In the case of biometric matching algorithms such as those used for facial recognition, it helps to measure and report how they behave on a representative data sample in order to predict how the algorithm will perform in production. For an authentication use case, this might mean a prediction of the level of security provided and the impact on user experience. The same can be said for presentation attack detection algorithms. How frequent are errors when an assessment of a live image or a spoof is made? 


APCER and BPCER are acronyms for error rates used to measure the performance of PAD subsystems. They stand for “attack presentation classification error rate” and “bona fide presentation classification error rate”, respectively. APCER and BPCER serve to quantify the accuracy of the classification of an image as either a live image or a spoof, and help to determine the tradeoff between security and convenience. They are analogous to error measurements for biometric matching algorithms used for identification and verification: false match rates (FMR), false non-match rates (FNMR), false accept rates (FAR), and false reject rates (FRR).They are similar, but there are reasons why we have three sets of error rates.

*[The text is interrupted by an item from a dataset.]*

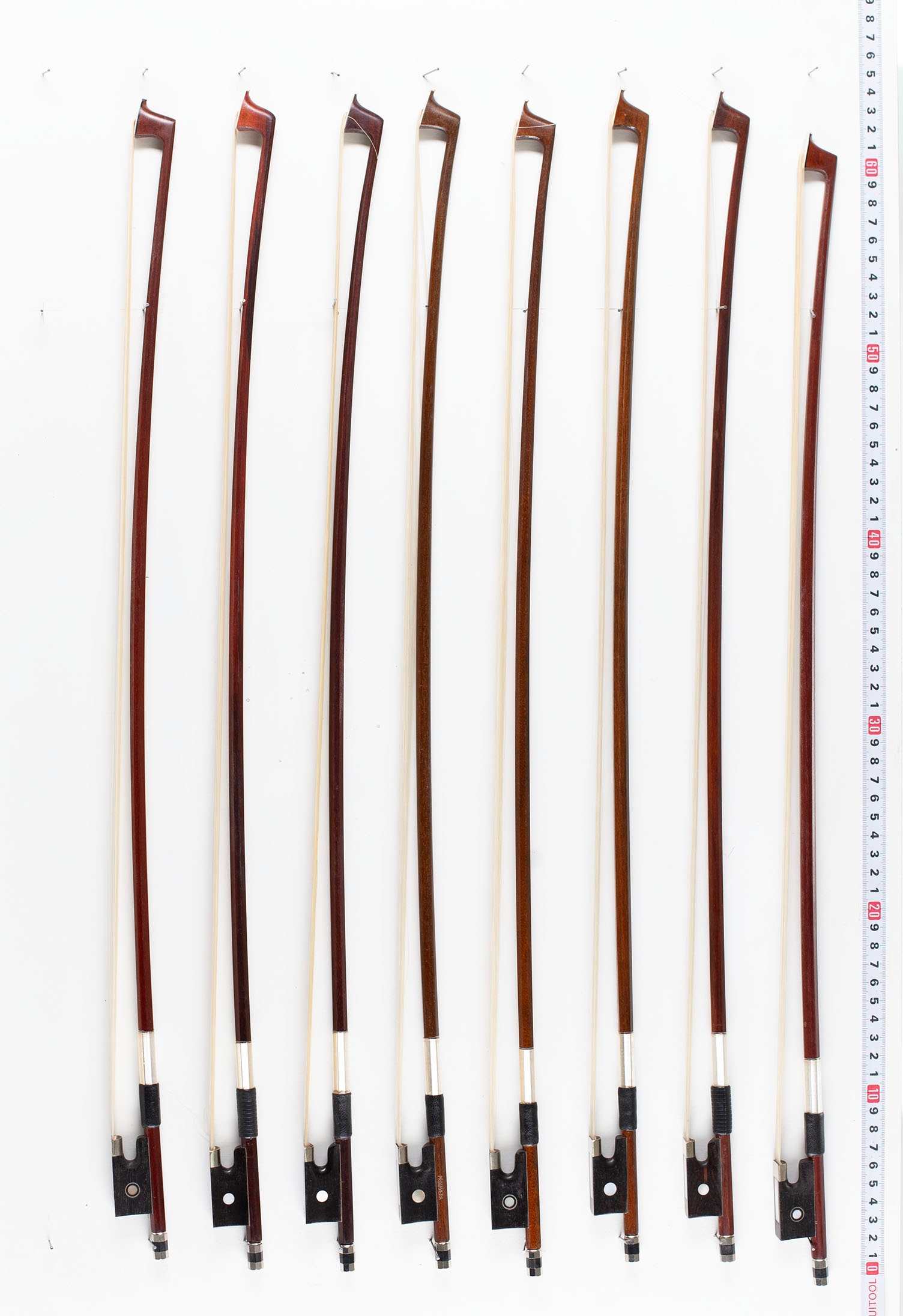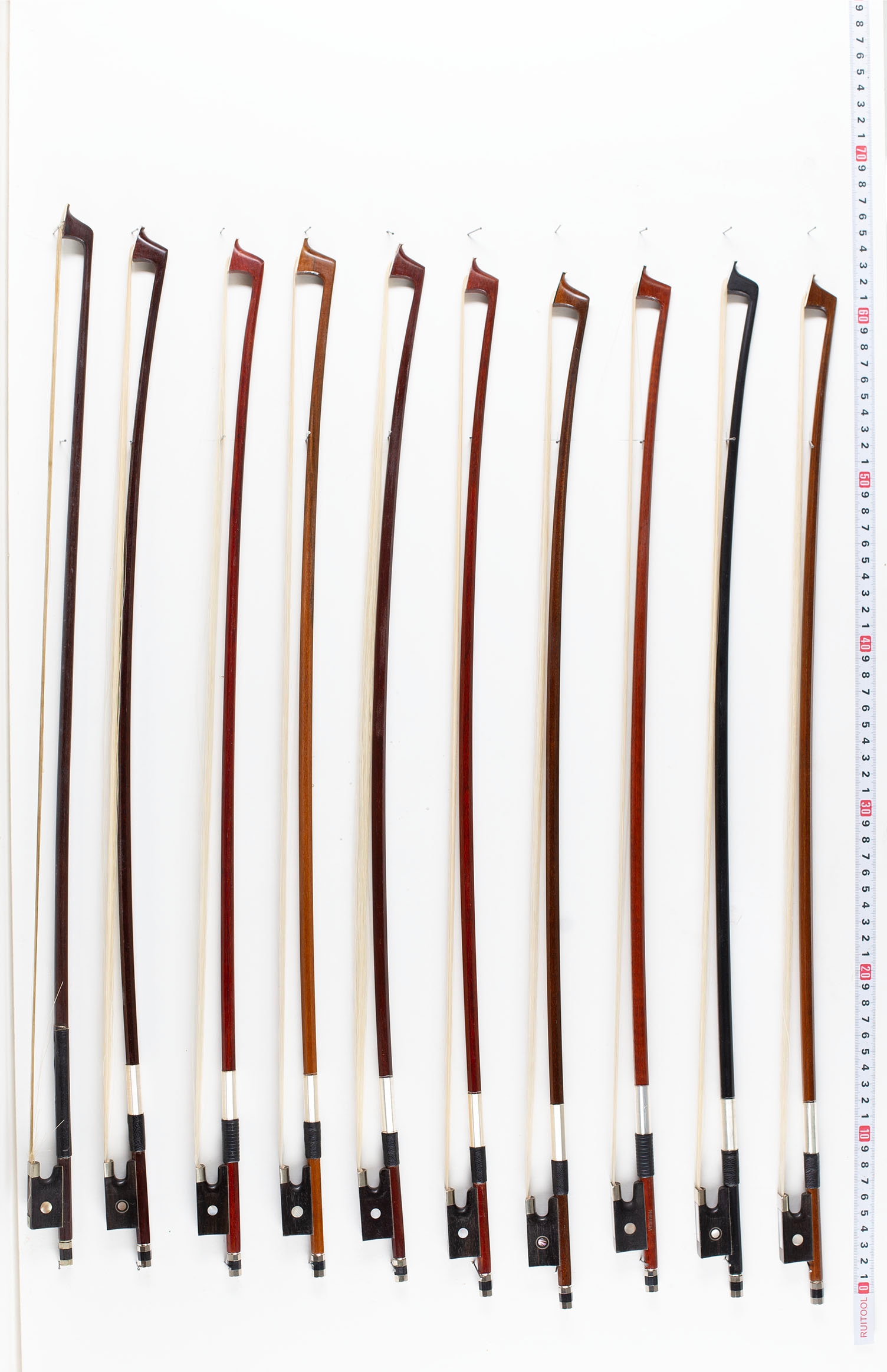 Eighteen child-sized violin bows, various lengths

Statistical hypotheses testing

A bit of background on statistics and hypothesis testing helps clarify some of the confusion that is sometimes caused by the different metrics used to measure biometrics and PAD performance. The measurements are derived from statistical hypothesis testing, a foundational concept in scientific research where a hypothesis is defined and then tested to determine whether it is in fact true, with empirical data showing that the result is statistically significant; that is, the data provides evidence of a predictive relationship beyond that of probabilistic chance. The concept has been applied to biometric algorithm performance testing since its inception.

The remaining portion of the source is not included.